The decade also brought forth many technological advancements such as Apple’s Macintosh, changing office culture and introducing a new breed of young professionals. Power dressing became the expectation among men and women climbing the corporate ladder. Oversized suiting was preferred by both genders, often topped with even larger duster coats. In the office, women were often seen in formal dress suits and pantyhose with an unexpected pair of sneakers to withstand their daily commutes. This business-centric dressing reflected the collective drive for success through the decade.


The ’90s Counterculture

While many credit Seattle’s music scene–or more specifically, Nirvana–with having catalyzed grunge, it’s actually far more deep-seated than that. Those elements are certainly part of the equation, but the relaxed, careless, “come as you are” mindset erupted in response to an economic recession in 1987 that caused the public to lose its allure with high-priced luxury. “Casual Fridays” were implemented in the majority of workplaces while refined minimalism–promoted by designers like Calvin Klein and Helmut Lang–coexisted with grunge’s flannel, ripped-jeans, unwashed ambience as the reigning aesthetics.

2008 Recession

When the banks crashed in 2008, economic hardship was felt internationally. Now referred to as The Great Recession, the downturn affected fashion differently across nations. For instance, in Britain the struggles resulted in the ever-colorful and cheerful designers Mary Katrantzou, Christopher Kane, and Roksanda Ilincic coming center stage, meeting adversity with positivity and chutzpah.

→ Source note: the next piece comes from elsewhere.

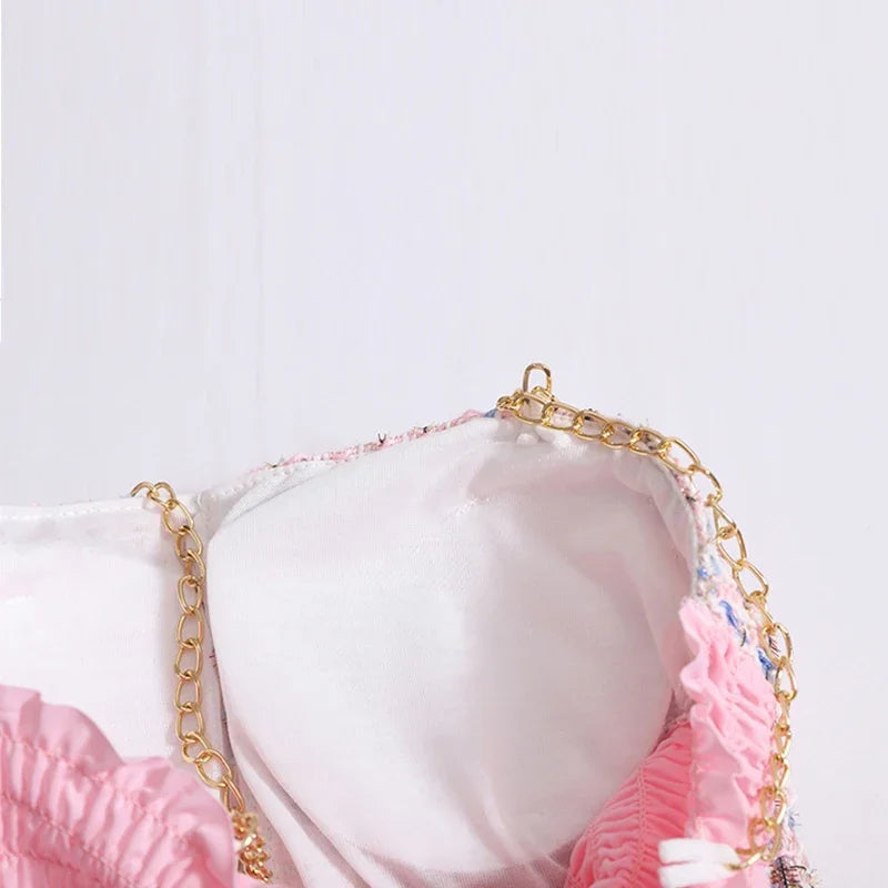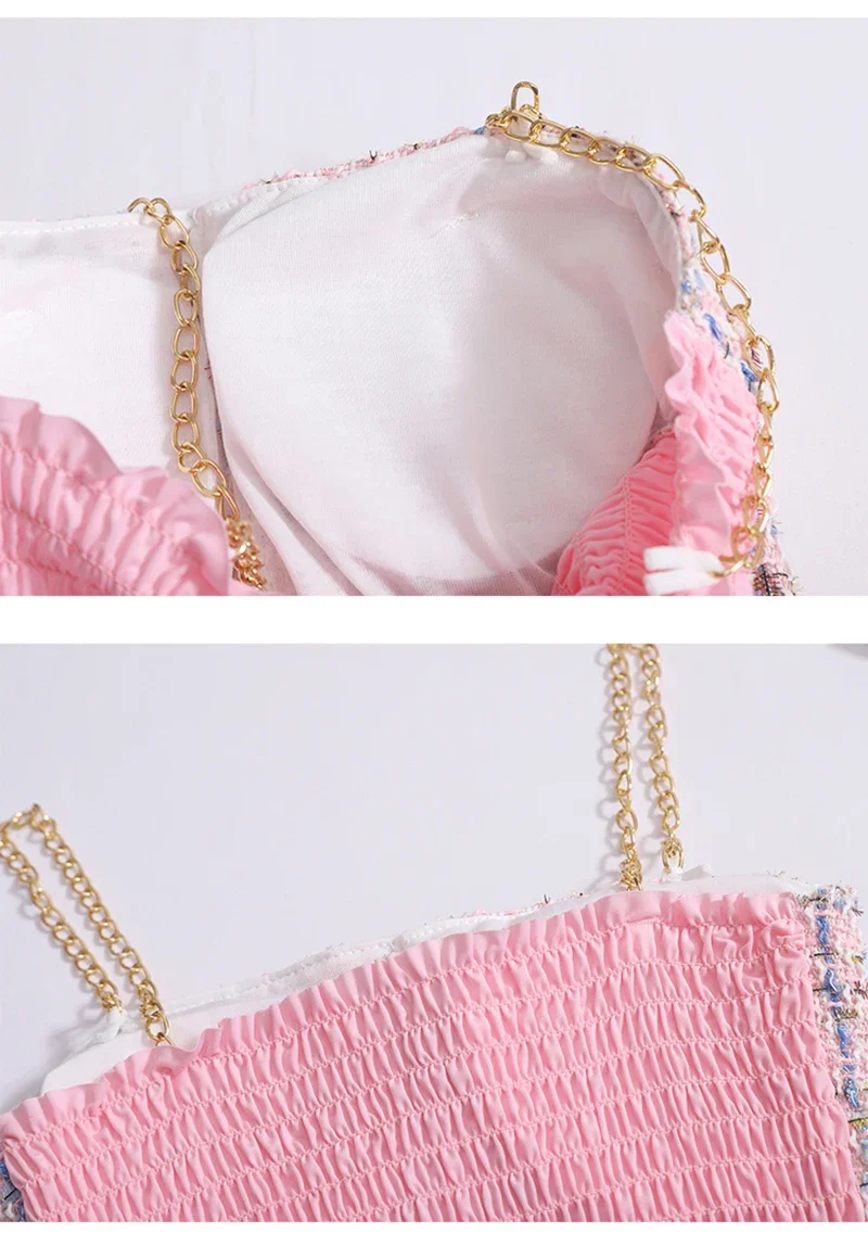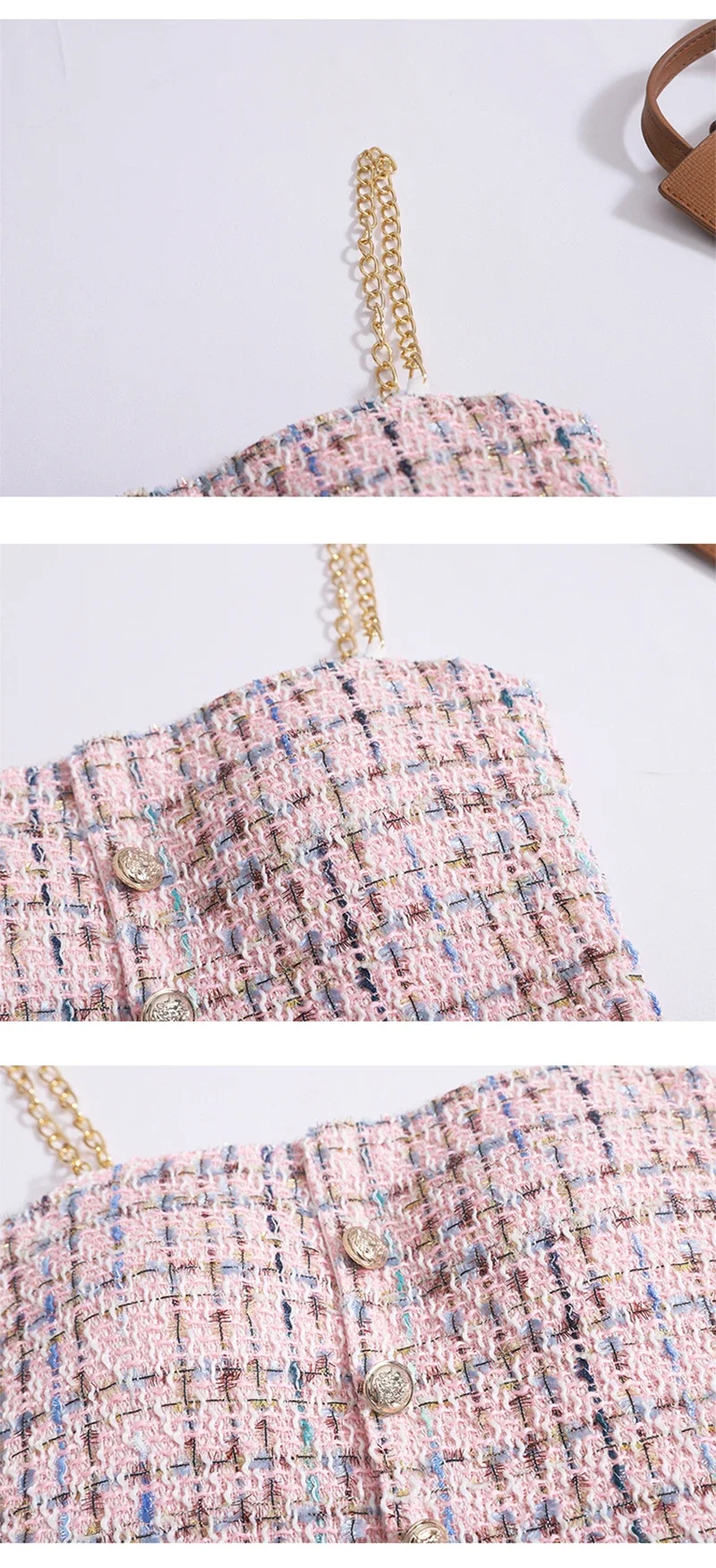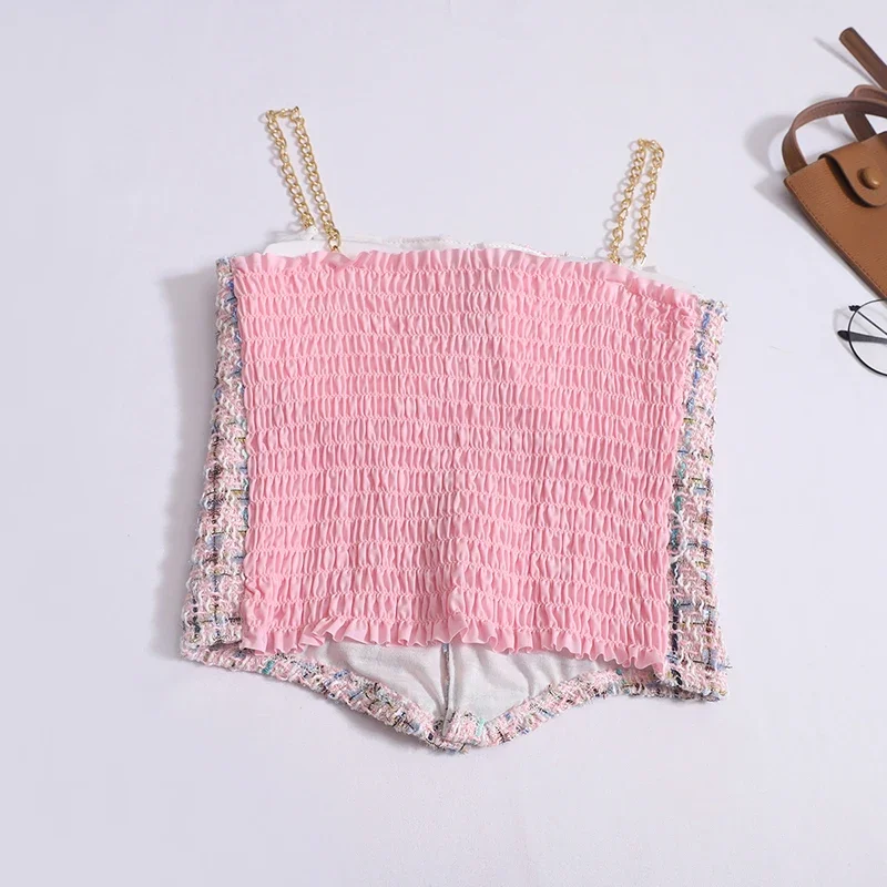 Women Summer Tweed Chain Chic Tank Tops Buttons Off Shoulder with Bra Pad Crop Tops Pleated Sexy Backless Sleeveless Sweet Camis

Conversely, in the U.S. appearing rich now had a stigma. The majority of Americans opted for a more subdued, logo-less style with an impulse towards basics, muted tones, and a general simplicity. The then-Celine creative director, Phoebe Philo won the hearts of the fashion world with her minimalist aesthetic and understated designs.

Brexit

During last year’s London Fashion Week, designers decided to respond to the impending Brexit with bold, bright statements, filled with and fueled by activism and resistance. Lively, eclectic glamour flooded the collections of Richard Quinn, Matty Bovan, Michael Halpern, and more, to offset the trials and tribulations of the British government and to convey unity over the separation of Britain from the European Union.

COVID-19

With the onset of the global pandemic and corresponding quarantine, fashion seems to be following the expected path. With staggering unemployment rates and so many others working from home, comfort has become key. Waist-up dressing has become the norm for Zoom calls, house dresses have made a comeback, and sweatpants are a status symbol. While masks were once an option, COVID-19 has ensured that facial coverings are a necessary article. The accessory had been on the fringes of fashion in recent seasons, however the outbreak of the coronavirus facilitated its penetration of the marketplace.

Black Lives Matter

As citizens protest the police brutality and racism against Black Americans, supporters of the Black Lives Matter movement have found ways to convey their stance through apparel. Exercising caution amidst the pandemic, face masks are being utilized as a form of messaging, emblazoned with political statements demanding justice and reform echoing slogan tees and posters. A greater awareness has also been promoted for Black-owned fashion labels, which have already seen a growth in sales since the Black Lives matter movement gained traction in May. This reflects a consumer trend brought about by social change that could ultimately turn into a longterm approach to retail.